====== Data below ======

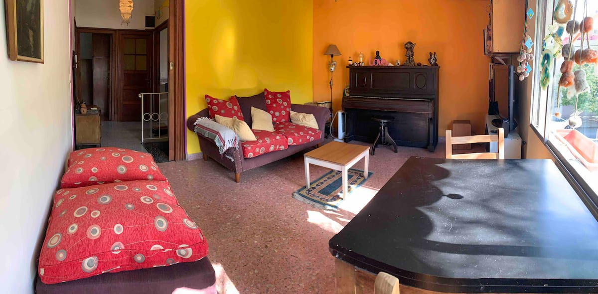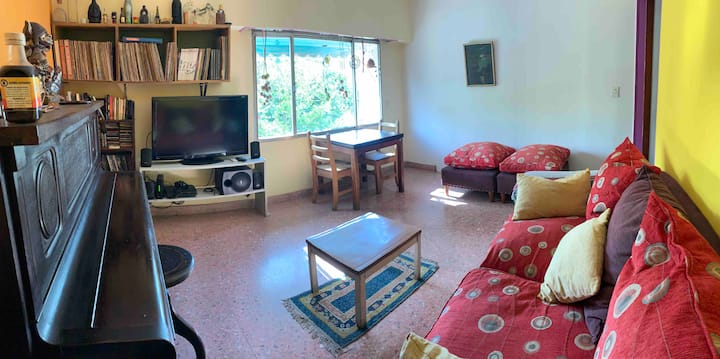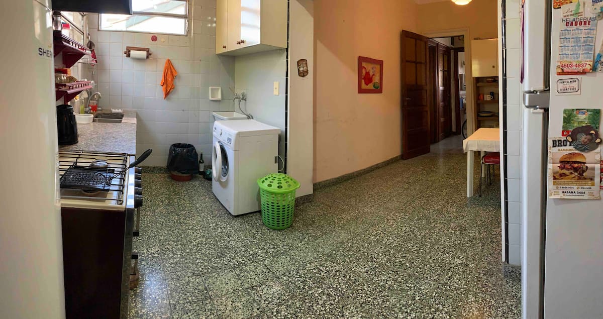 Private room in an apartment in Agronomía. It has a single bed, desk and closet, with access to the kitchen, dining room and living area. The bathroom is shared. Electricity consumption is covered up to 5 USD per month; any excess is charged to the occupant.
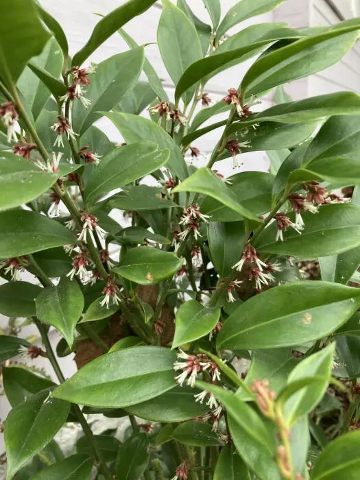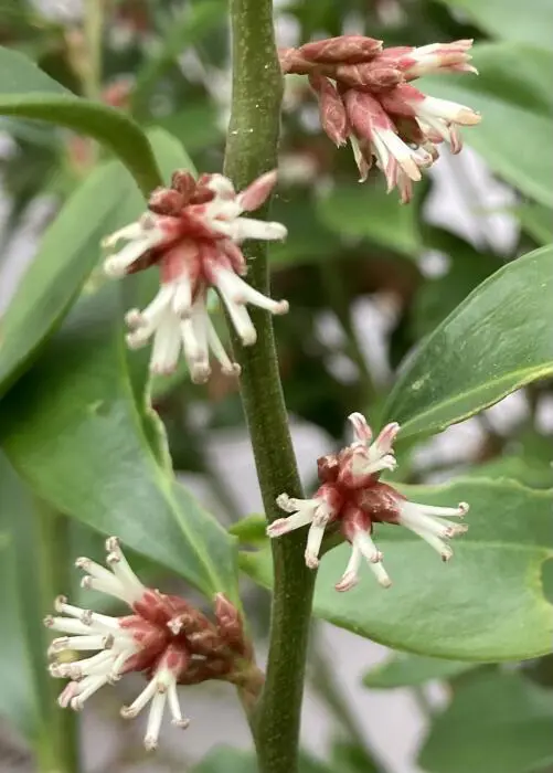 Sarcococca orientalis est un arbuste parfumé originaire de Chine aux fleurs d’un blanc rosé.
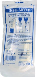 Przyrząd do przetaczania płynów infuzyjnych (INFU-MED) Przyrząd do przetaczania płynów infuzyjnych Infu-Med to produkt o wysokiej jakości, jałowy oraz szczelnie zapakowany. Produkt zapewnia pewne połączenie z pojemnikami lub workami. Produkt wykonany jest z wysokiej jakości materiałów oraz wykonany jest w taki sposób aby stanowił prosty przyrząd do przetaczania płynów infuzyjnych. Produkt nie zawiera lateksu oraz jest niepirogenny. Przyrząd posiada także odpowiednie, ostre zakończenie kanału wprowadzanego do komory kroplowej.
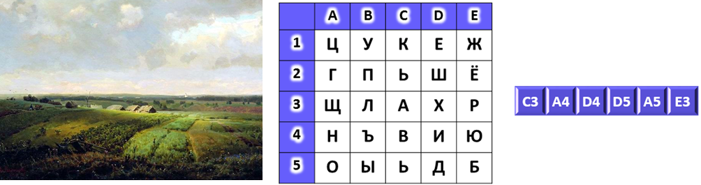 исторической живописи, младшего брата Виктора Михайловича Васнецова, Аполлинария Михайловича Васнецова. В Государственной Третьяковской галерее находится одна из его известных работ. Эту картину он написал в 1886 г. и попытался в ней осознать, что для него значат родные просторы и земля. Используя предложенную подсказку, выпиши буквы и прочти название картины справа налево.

======

### Aim of the exercise
Retype the listing above exactly as it appears, omitting the pictures.

### Solution below
 Private room in an apartment in Agronomía. It has a single bed, desk and closet, with access to the kitchen, dining room and living area. The bathroom is shared. Electricity consumption is covered up to 5 USD per month; any excess is charged to the occupant.
 Sarcococca orientalis est un arbuste parfumé originaire de Chine aux fleurs d’un blanc rosé.
 Przyrząd do przetaczania płynów infuzyjnych (INFU-MED) Przyrząd do przetaczania płynów infuzyjnych Infu-Med to produkt o wysokiej jakości, jałowy oraz szczelnie zapakowany. Produkt zapewnia pewne połączenie z pojemnikami lub workami. Produkt wykonany jest z wysokiej jakości materiałów oraz wykonany jest w taki sposób aby stanowił prosty przyrząd do przetaczania płynów infuzyjnych. Produkt nie zawiera lateksu oraz jest niepirogenny. Przyrząd posiada także odpowiednie, ostre zakończenie kanału wprowadzanego do komory kroplowej.
 исторической живописи, младшего брата Виктора Михайловича Васнецова, Аполлинария Михайловича Васнецова. В Государственной Третьяковской галерее находится одна из его известных работ. Эту картину он написал в 1886 г. и попытался в ней осознать, что для него значат родные просторы и земля. Используя предложенную подсказку, выпиши буквы и прочти название картины справа налево.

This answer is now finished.